The Wright Mistake
One
Julia
“Don’t try to blame this shit on me. Just face it, Julia,” Trevor spat, “You’ll never be happy.”
“Fuck you,” I spat as I slammed the door shut in Trevor’s face as the nasty words he’d uttered cut through me like a knife.
Not because he was wrong, but because he was right.
I couldn’t be happy—not with him or anyone. Not with my past looming over my shoulder. The truth was a guy like Trevor couldn’t handle the real Julia Banner.
My phone started ringing from the other side of the room. With a sigh, I picked it up and saw Heidi was calling.
“So, did you do it?” she asked when I answered.
I sighed. “Yeah. He hates me.”
“Psh. Trevor from accounting couldn’t hate a fly. He’s hurt. He’ll get over it.”
“I don’t know. We were together for a year. Our anniversary was this weekend. I can’t believe I just broke up with him. I’m kind of the worst.”
Heidi snorted. “It was long overdue. You and I both know that.”
Of course, she was right. Because Trevor had been this perfect, normal, nice guy. He was the guy who came over to your place to do your laundry while you were with your friends and filled up your gas tank when he noticed you were running low and called your mom to chat every Thursday. Or he would have done that last one…if he’d thought my parents were alive.
And I was the opposite. It had been nice, but it hadn’t been right.
“So,” Heidi muttered, “want to go get fucked up to feel better about it?”
“Yes. Yes, I do.”
Heidi laughed. “That’s my girl.”
“Flips?” I asked.
It was the local bar that we always went to. By anyone else’s standards, it was kind of a dump. But Heidi adored the place.
“Actually…we’re all heading to Ransom Canyon for Memorial Day weekend. Lake, boats, barbeque—the trifecta. You in?”
“And how exactly am I going to get laid from this plan?”
“Well, there will be a lot of alcohol,” Heidi said.
“And?”
“And…a lot of hot, eligible men.”
I rolled my eyes. “Like who?”
“Landon and the Wrights all invited a bunch of people to come hang out. I know your…issues with Austin, so I didn’t mention it before. But I don’t think that should stop you now.”
I groaned. “Austin Wright is the biggest alcoholic jackass on this side of the planet! You know how he treated me when we were together.”
“True,” she added. “But…it was a year and a half ago when you were together. And, since you slapped the shit out of him last fall, he’s kind of avoided you like the plague, which means, you should be fine.”
“Heidi!”
“Just get your ass over here and bring a bathing suit. I want to see those tattoos you’re sporting. I won’t take no for an answer.”
And then she unceremoniously hung up on me. I glanced down at it with a sigh. Maybe Heidi was right, and I just needed some girl time.
I stripped out of my work attire and into a pair of cutoff jean shorts and a black Queen tank top. I piled my recently dyed dark red hair up into a messy bun on the top of my head and admired the shaved undercut. I filled up my travel tote with enough clothes for a week away from home. Now, I just needed my favorite olive-green bomber jacket.

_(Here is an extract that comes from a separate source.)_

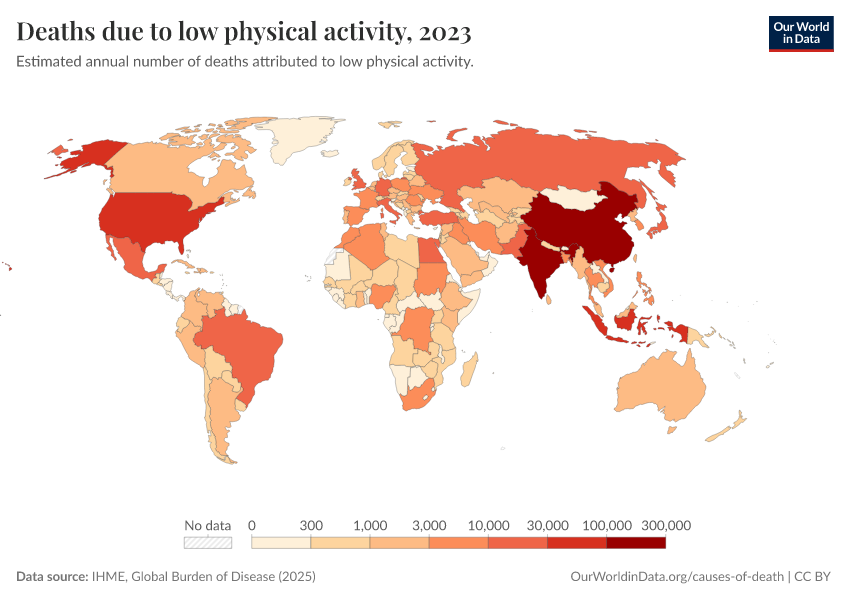“Data Page: Deaths due to low physical activity”, part of the following publication: Esteban Ortiz-Ospina and Max Roser (2016) - “Global Health”. Data adapted from IHME, Global Burden of Disease. Retrieved from https://sophia-test-2.owid.pages.dev/grapher/deaths-due-to-low-physical-activity [online resource]How to cite this data

Not that May in Lubbock, Texas, was cold by any stretch of the imagination, but the dusty, windy, and flat place I had called home for almost two years now got cool on summer nights. But the jacket was nowhere to be found. I tore my apartment apart, looking for it. I swore I’d left it hanging in my closet, but nope, no luck. Must have left it at work or in the car or something.
I finally added a black Beatles sweatshirt I’d picked up at a thrift store to the bag and headed over to Heidi’s place where she lived with Landon Wright. They’d gotten together last year, and they were totally crazy in love. They’d gotten engaged practically right away, and they now lived together in a brand-new house that they’d had built together.
Landon was packing up his Jeep when I pulled up in my black Tahoe. He waved as I parked.
“Hey, Julia. I’m glad to see that Heidi convinced you to come with us.”
I hopped out of the car and moved my bag into the trunk. “Yeah. She’s persuasive all right. Told me to get my ass over here and hung up on me.”
Landon laughed congenially. He had the goddamn Wright good looks—dark hair, penetrating dark eyes, perfect smile, and so tall that you could climb the fuckers.
“That sounds like my fiancée.”
“I swear you say it just because you like the sound of it.”